Example: Diagrams show DNA supercoiling and the action of topoisomerase and helicase.
Central Dogma of Molecular Biology
Flow of Genetic Information
The central dogma describes the flow of genetic information from DNA to RNA to protein.
Transcription: The process of synthesizing RNA from a DNA template.
Translation: The process of synthesizing protein using the encoded message of mRNA.
Sometimes, transcription and translation are collectively referred to as gene expression.
Example: Diagram showing DNA → RNA → Protein.
Practice Questions
According to the central dogma, the intermediate molecule is mRNA.
The process by which genotype becomes expressed as phenotype is called gene expression.
Key Terms and Definitions
Nucleotide: The basic building block of DNA, consisting of a sugar, phosphate, and nitrogenous base.
Phosphodiester Bond: The covalent bond linking nucleotides in a DNA strand.
Replication Fork: The Y-shaped region where DNA is unwound and replicated.
Central Dogma: The concept describing the flow of genetic information from DNA to RNA to protein.

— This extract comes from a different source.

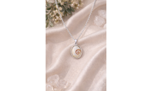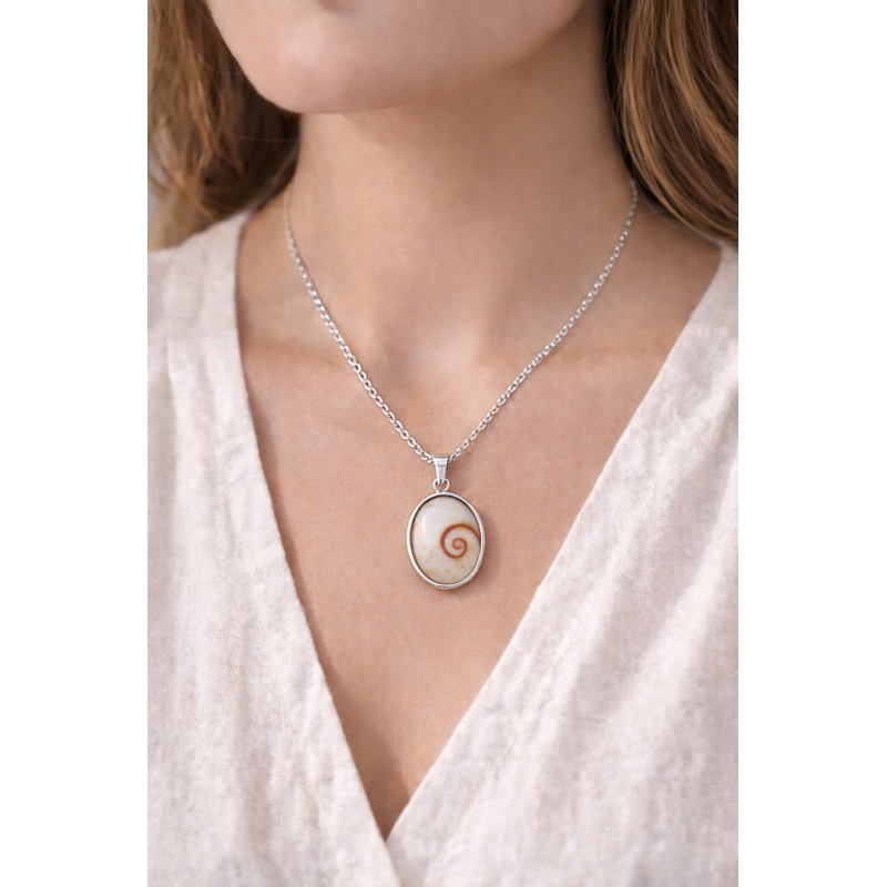 Épuré et intemporel, ce pendentif ovale met en scène un véritable œil de Sainte Lucie aux nuances blanc orangé et à la spirale marron/orange — comme une trace de lumière posée sur la peau. Son design classique, rehaussé par une finition brillante, s’accorde naturellement à toutes vos envies, du quotidien aux moments plus précieux.

Summary Table: DNA Replication Enzymes
Enzyme | Function |
|---|---|
Topoisomerase | Relieves supercoiling ahead of replication fork |
Helicase | Unwinds DNA double helix |
Single-Stranded Binding Protein | Stabilizes single-stranded DNA |
Primase | Synthesizes RNA primers |
DNA Polymerase | Synthesizes new DNA strand |
Key Equations
Phosphodiester bond formation:
Central Dogma:
Additional info: Some diagrams and tables were inferred and expanded for clarity and completeness.